Tuesday, June 22, 2010

Odds and Ends

Twilight comes to the campground, and the changing light deepens the red in surrounding rocks, and turns tan rocks golden.

Four grannies, who are from an RV parked at the end of the tent row, strut the periphery of the campground, pulled forward by chihuahuas. The four dogs run their legs in a blur, aiming to stay ahead of the women. Two bosomy grannies walk on the outside, waving and smiling at people sitting at picnic tables.

“Nice evening,” a granny calls, and “Hello, how are you?” I suspect the women would like folks to notice their dogs.

“Cute dogs,” I say as the parade passes.

“This one, he's a mess,” one granny replies, and bends over to touch the dog.

Another granny points to her dog. “I've had her 11 years.”

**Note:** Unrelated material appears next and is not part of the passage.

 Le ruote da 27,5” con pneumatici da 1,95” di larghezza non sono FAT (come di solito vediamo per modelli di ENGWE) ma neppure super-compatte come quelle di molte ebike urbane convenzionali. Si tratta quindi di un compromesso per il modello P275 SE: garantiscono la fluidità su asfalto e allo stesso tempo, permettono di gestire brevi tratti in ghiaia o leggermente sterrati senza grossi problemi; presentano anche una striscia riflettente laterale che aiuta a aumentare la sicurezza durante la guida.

Another says of her dog, “He's having the time of his life.”

“I can see that.”

Later, the temperature is ideal for sleeping. My dogs have crashed, tired from a long walk on the desert, but I don't sleep because of incessant yapping. I wonder if it's the chihuahua whose owner admits he's a mess. Or maybe the crew of chihuahuas takes turns, to make sure it's never quiet. Why don't the grannies notice the yapping? Too many pina coladas? Or did they turn their hearing aids off at bedtime?



A nice-looking middle-aged couple stops at the table where I am sitting in a book store. The man picks up a book and studies the handsome Border collie on the cover.

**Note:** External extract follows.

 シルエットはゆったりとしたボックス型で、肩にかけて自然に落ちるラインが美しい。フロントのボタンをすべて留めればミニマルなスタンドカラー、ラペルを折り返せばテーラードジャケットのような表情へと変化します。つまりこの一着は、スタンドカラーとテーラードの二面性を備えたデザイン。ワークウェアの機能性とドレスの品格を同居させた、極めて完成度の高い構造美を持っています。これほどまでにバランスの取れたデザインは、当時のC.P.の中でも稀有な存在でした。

“I suppose I should buy this for my wife. She likes our dog better than me.”

The woman smiles.

“She believes the dog is superior,” the man says while I'm signing a book for his wife.

I suggest, “There's probably something you do better than the dog.”

“Of course! I'm a better conversationalist.”

The couple walks off. The woman turns around and behind the man's back mouths the words, "He's really not.”